But sometimes it’s x-2 or x½, and it’s hard to see how those work. As it turns out, it can all be understood based on a single axiom:
$\displaystyle{x}^{n}={x_1}\times{x_2}\times\ldots\times{x_n}$
Which is the rule behind the basic understanding you already have. The exponent says how many times to multiply a value times itself. Put in formal math terms, it looks like this:
$\displaystyle\prod^{n}_{i=1}{x}_{i}$
From this axiom we can very easily derive the first theorem:
$\displaystyle{x}^{1}={x}$
Any number to the power of one is just that number because there is only one instance of it in the multiply chain.

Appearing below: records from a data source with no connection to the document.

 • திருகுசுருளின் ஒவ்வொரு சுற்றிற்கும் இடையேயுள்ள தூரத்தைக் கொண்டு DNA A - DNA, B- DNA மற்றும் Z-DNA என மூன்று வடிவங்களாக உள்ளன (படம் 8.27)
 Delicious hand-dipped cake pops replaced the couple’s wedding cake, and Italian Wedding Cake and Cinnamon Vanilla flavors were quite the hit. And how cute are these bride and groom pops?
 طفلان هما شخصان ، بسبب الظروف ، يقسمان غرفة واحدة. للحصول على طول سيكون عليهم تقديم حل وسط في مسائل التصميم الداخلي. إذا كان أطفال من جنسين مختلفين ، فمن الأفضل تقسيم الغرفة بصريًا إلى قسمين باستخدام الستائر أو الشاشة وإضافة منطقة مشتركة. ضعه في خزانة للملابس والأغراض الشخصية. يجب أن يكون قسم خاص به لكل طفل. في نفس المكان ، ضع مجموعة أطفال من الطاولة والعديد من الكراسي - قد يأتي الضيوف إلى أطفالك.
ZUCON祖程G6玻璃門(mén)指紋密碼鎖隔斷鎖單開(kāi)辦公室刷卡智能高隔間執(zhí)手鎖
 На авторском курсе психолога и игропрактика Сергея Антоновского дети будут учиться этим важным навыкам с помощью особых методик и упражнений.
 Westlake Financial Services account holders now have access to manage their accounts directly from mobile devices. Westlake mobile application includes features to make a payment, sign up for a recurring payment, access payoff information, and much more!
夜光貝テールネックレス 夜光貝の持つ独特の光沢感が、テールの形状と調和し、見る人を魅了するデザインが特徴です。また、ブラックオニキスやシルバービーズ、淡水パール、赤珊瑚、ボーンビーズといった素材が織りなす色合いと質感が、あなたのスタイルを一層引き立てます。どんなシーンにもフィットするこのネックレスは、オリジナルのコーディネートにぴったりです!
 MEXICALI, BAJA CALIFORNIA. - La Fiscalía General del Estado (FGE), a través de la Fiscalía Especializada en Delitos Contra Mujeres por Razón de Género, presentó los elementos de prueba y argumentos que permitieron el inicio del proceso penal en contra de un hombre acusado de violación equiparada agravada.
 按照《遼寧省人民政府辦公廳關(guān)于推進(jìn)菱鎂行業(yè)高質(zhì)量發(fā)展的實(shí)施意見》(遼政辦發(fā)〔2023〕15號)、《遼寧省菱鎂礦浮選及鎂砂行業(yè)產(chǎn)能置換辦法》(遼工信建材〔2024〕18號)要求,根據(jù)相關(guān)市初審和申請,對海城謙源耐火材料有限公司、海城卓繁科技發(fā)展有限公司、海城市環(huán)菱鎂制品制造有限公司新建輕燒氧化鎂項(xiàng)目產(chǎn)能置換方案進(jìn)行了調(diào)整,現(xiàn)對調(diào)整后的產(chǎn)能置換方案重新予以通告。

We can also derive what is often presented as a second axiom (but is really another derived theorem):
$\displaystyle{x}^{a+b}={x^a}\times{x^b}$
Because:
$\displaystyle{x}^{n}={x}^{a+b}=\left({x_1}\cdot{x_2}\cdot\ldots{x_a}\right)\times\left({x_1}\cdot{x_2}\cdot\ldots{x_b}\right)$
The multiply chain can be broken into two parts consisting of acount instances and bcount instances (where a+b=n). Those two parts are obviously multiplied together, so we derive the second theorem:
$\displaystyle{x}^{a+b}={x^a}\times{x^b}$
Note that it’s possible to treat this equality as the axiom and derive the axiom above (along with everything else). In either case, a single axiom leads to all the theorems.
We derive another key equality by noting that (by addition and the first theorem):
$\displaystyle{x}^{1+0}={x}^{1}={x}$
And therefore (using the second theorem):
$\displaystyle{x}^{1+0}={x}^{1}\times{x}^{0}={x}$
If we divide the last two terms by x¹ (which, per the first theorem, is just x) we end up with the very important third theorem:
$\displaystyle{x}^{0}={1}$
Any number raised to the power of zero is just one.
The theorem for x0 lets us derive a rule that might be surprising. We start by noting that:
$\displaystyle{x}^{(n-n)}={x^0}={1}$
By subtraction and the third theorem. If we re-express this as:
$\displaystyle{x}^{\left(n+(-n)\right)}={x^0}={1}$
Then we then can invoke the second theorem to say:
$\displaystyle{x}^{\left(n+(-n)\right)}={x^n}\times{x^{-n}}={1}$
If we divide the last two terms by xn, we have the fourth theorem:
$\displaystyle{x}^{-n}=\frac{1}{x^n}$
Which says that negative exponents are the inverses of positive ones. A negative exponent just means “one-over” the positive version.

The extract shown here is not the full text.